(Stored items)
● ● ● ●

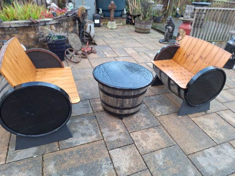 Lovely oak barrel garden furniture made from 1st class freshly emptied oak barrels seats are around 36 inch wide,circular table with concrete top which has a lovely wood grain effect, painted and laqured..£320 for 2 seats and table or its £370 with the 2 matching stools added..delivery available, we are based in Draperstown..
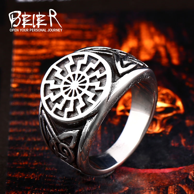 beier titanium steel men's Viking carved ring European and American retro Viking personality ring clear goods
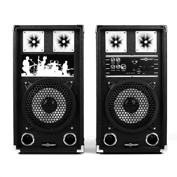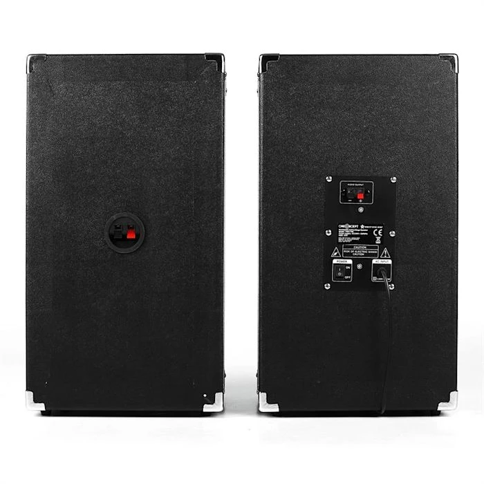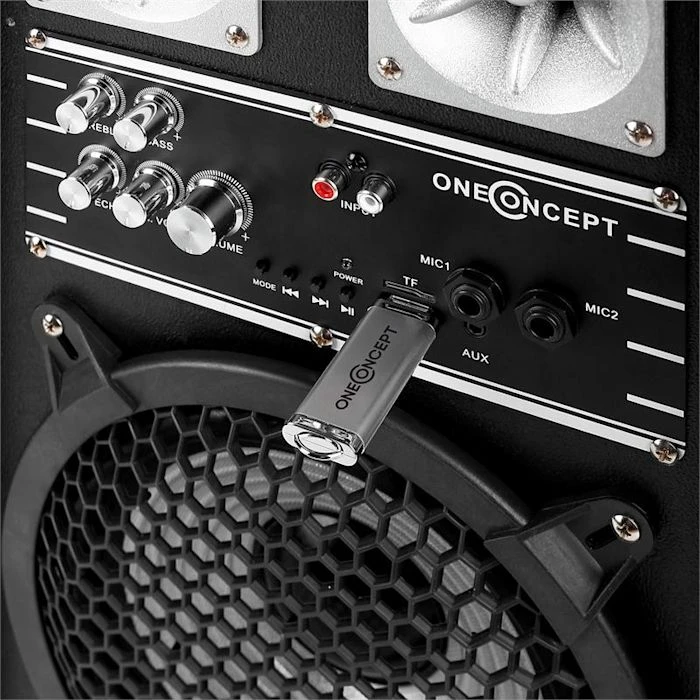 - Connexions: 1 x port USB, 1 x slot microSD, 1 x carte mémoire, 2 x entrées microphone 6,3mm, 1 x entrée jack 3,5 mm AUX, 1 x entrée stéréo ligne RCA, 1 x jeu de bornes d’enceintes (sur chaque enceinte)
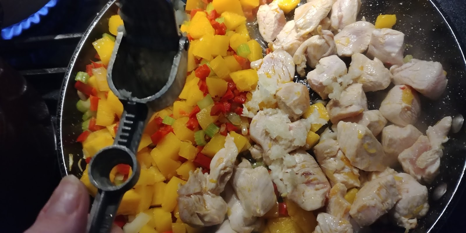 Jeśli macie małą patelnie podsmażcie mięso na osobnej- krótko na sporym ogniu i dodajcie do warzyw. Przez praskę przeciskamy czosnek- dodajemy.
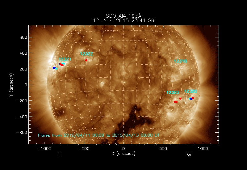 The most recent flares (≤12 hours) are shown as red dots, 12-24 hours ago as blue dots and older ones as turquoise dots.
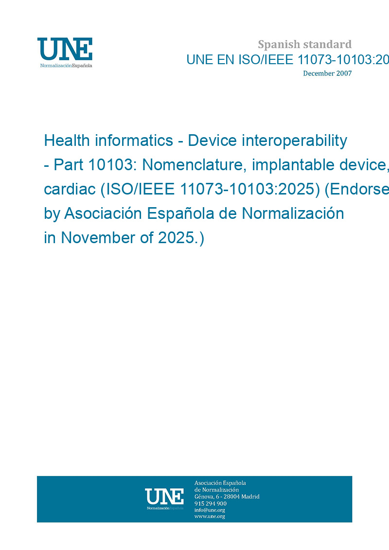 Informática sanitaria. Interoperabilidad de dispositivo. Parte 10103: Nomenclatura: Dispositivo implantable, cardiaco (ISO/IEEE 11073-10103:2025) (Ratificada por la Asociación Española de Normalización en noviembre de 2025.)
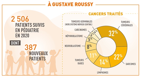 1re cause de décès par maladie chez l’enfant, le cancer frappe plus de 2 800 enfants et adolescents en France chaque année *. Acteur de référence mondial en oncologie pédiatrique, Gustave Roussy lançait il y a quatre ans la grande campagne "Guérir le cancer de l'enfant au 21e siècle" pour donner à la recherche les moyens d’atteindre cet objectif ambitieux qui nous concerne tous.
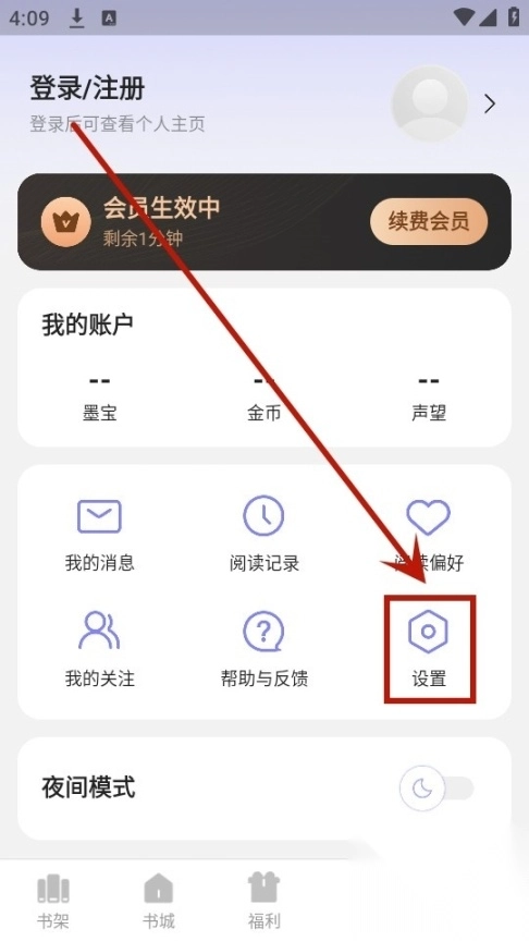 为了能让用户晚上阅读时能更加舒适,可使用软件自带的夜间阅读模式,自动调节成与环境合适的亮度。
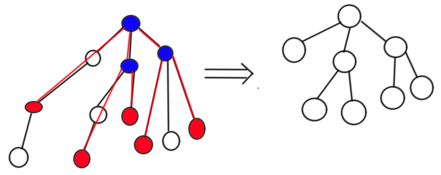 如图,红色点为 关键点,蓝色点是所必须的 LCA点,右图是左图的虚树
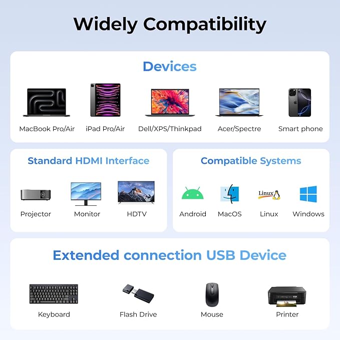 - Wide Device & OS Compatibility: Engineered with premium aluminum housing for durability and superior heat dissipation, this USB-C to HDMI adapter boasts exceptional compatibility. Works seamlessly with laptops (MacBook Pro/Air, Dell XPS, HP, Acer, Surface), tablets (iPad Pro/Air), smartphones, Nintendo Switch, and Steam Deck across Windows, ChromeOS, Linux, and macOS 10.5+. Note: Not compatible with iPhone/iPad (Lightning port) and Samsung A series phones.
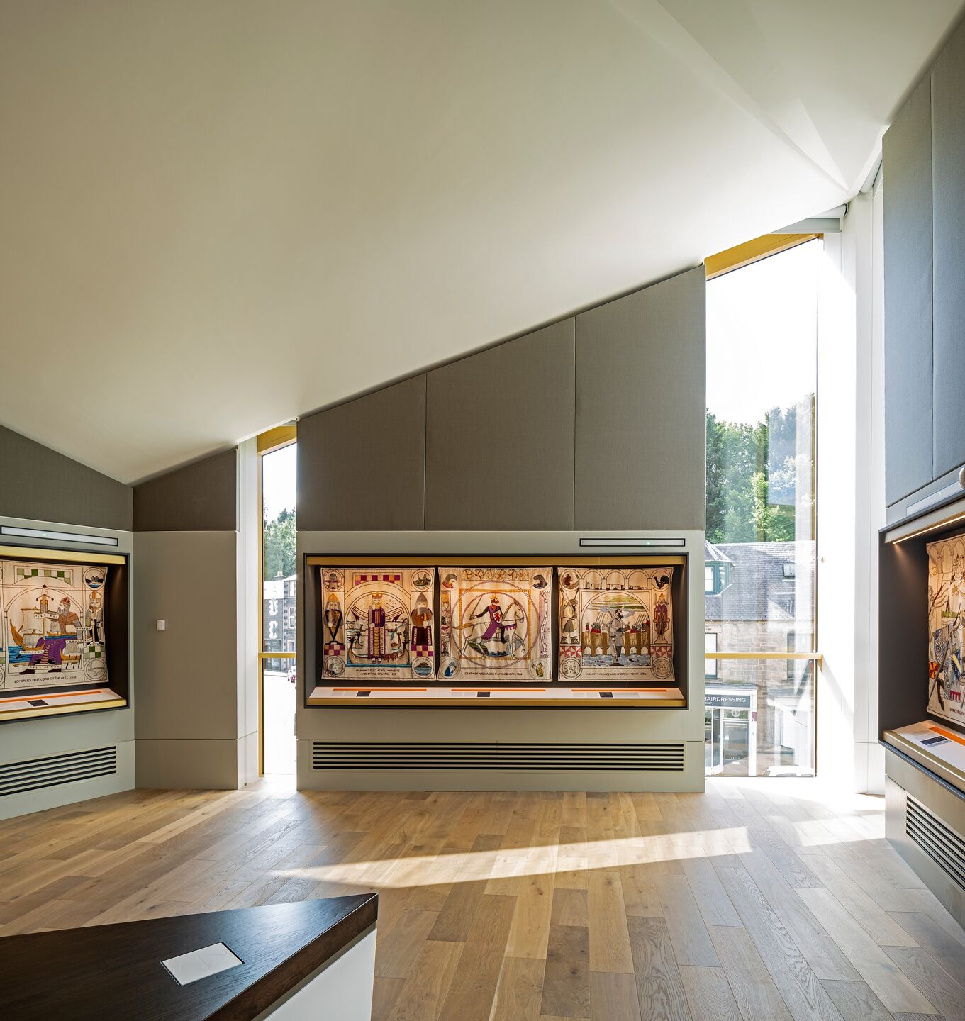 Inspired by modern architecture, the building features minimalistic interiors, streamlined form and sharp, clean edges. Inside its main gallery sits the 160 panels of tapestry created by artist Andrew Crummy, historian Alistair Moffat and author Alexander McCall Smith.
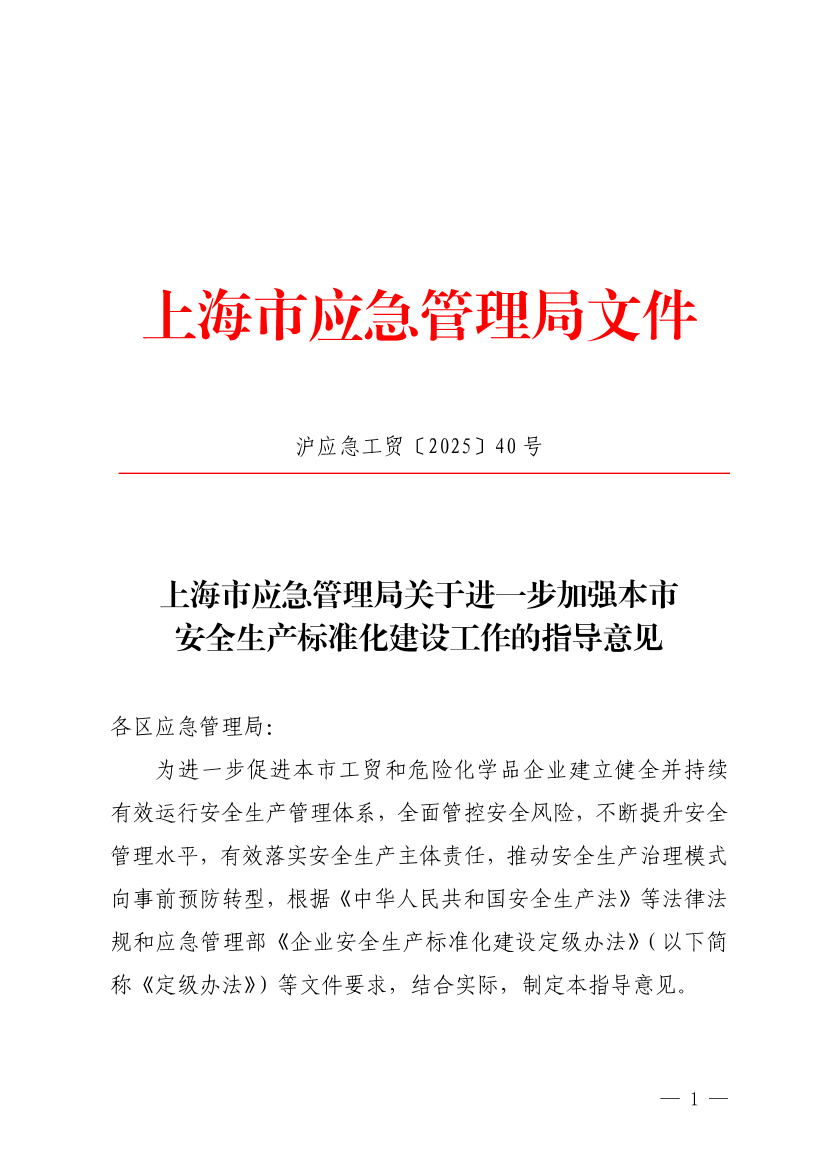 为进一步促进本市工贸和危险化学品企业建立健全并持续有效运行安全生产管理体系,全面管控安全风险,不断提升安全管理水平,有效落实安全生产主体责任,推动安全生产治理模式向事前预防转型,根据《中华人民共和国安全生产法》等法律法规和应急管理部《企业安全生产标准化建设定级办法》(以下简称《定级办法》)等文件要求,结合实际,制定本指导意见。

● ● ● ●

The task: Copy the records exactly. Skip the pictures.

Exercise response:
 Lovely oak barrel garden furniture made from 1st class freshly emptied oak barrels seats are around 36 inch wide,circular table with concrete top which has a lovely wood grain effect, painted and laqured..£320 for 2 seats and table or its £370 with the 2 matching stools added..delivery available, we are based in Draperstown..
 beier titanium steel men's Viking carved ring European and American retro Viking personality ring clear goods
 - Connexions: 1 x port USB, 1 x slot microSD, 1 x carte mémoire, 2 x entrées microphone 6,3mm, 1 x entrée jack 3,5 mm AUX, 1 x entrée stéréo ligne RCA, 1 x jeu de bornes d’enceintes (sur chaque enceinte)
 Jeśli macie małą patelnie podsmażcie mięso na osobnej- krótko na sporym ogniu i dodajcie do warzyw. Przez praskę przeciskamy czosnek- dodajemy.
 The most recent flares (≤12 hours) are shown as red dots, 12-24 hours ago as blue dots and older ones as turquoise dots.
 Informática sanitaria. Interoperabilidad de dispositivo. Parte 10103: Nomenclatura: Dispositivo implantable, cardiaco (ISO/IEEE 11073-10103:2025) (Ratificada por la Asociación Española de Normalización en noviembre de 2025.)
 1re cause de décès par maladie chez l’enfant, le cancer frappe plus de 2 800 enfants et adolescents en France chaque année *. Acteur de référence mondial en oncologie pédiatrique, Gustave Roussy lançait il y a quatre ans la grande campagne "Guérir le cancer de l'enfant au 21e siècle" pour donner à la recherche les moyens d’atteindre cet objectif ambitieux qui nous concerne tous.
 为了能让用户晚上阅读时能更加舒适,可使用软件自带的夜间阅读模式,自动调节成与环境合适的亮度。
 如图,红色点为 关键点,蓝色点是所必须的 LCA点,右图是左图的虚树
 - Wide Device & OS Compatibility: Engineered with premium aluminum housing for durability and superior heat dissipation, this USB-C to HDMI adapter boasts exceptional compatibility. Works seamlessly with laptops (MacBook Pro/Air, Dell XPS, HP, Acer, Surface), tablets (iPad Pro/Air), smartphones, Nintendo Switch, and Steam Deck across Windows, ChromeOS, Linux, and macOS 10.5+. Note: Not compatible with iPhone/iPad (Lightning port) and Samsung A series phones.
 Inspired by modern architecture, the building features minimalistic interiors, streamlined form and sharp, clean edges. Inside its main gallery sits the 160 panels of tapestry created by artist Andrew Crummy, historian Alistair Moffat and author Alexander McCall Smith.
 为进一步促进本市工贸和危险化学品企业建立健全并持续有效运行安全生产管理体系,全面管控安全风险,不断提升安全管理水平,有效落实安全生产主体责任,推动安全生产治理模式向事前预防转型,根据《中华人民共和国安全生产法》等法律法规和应急管理部《企业安全生产标准化建设定级办法》(以下简称《定级办法》)等文件要求,结合实际,制定本指导意见。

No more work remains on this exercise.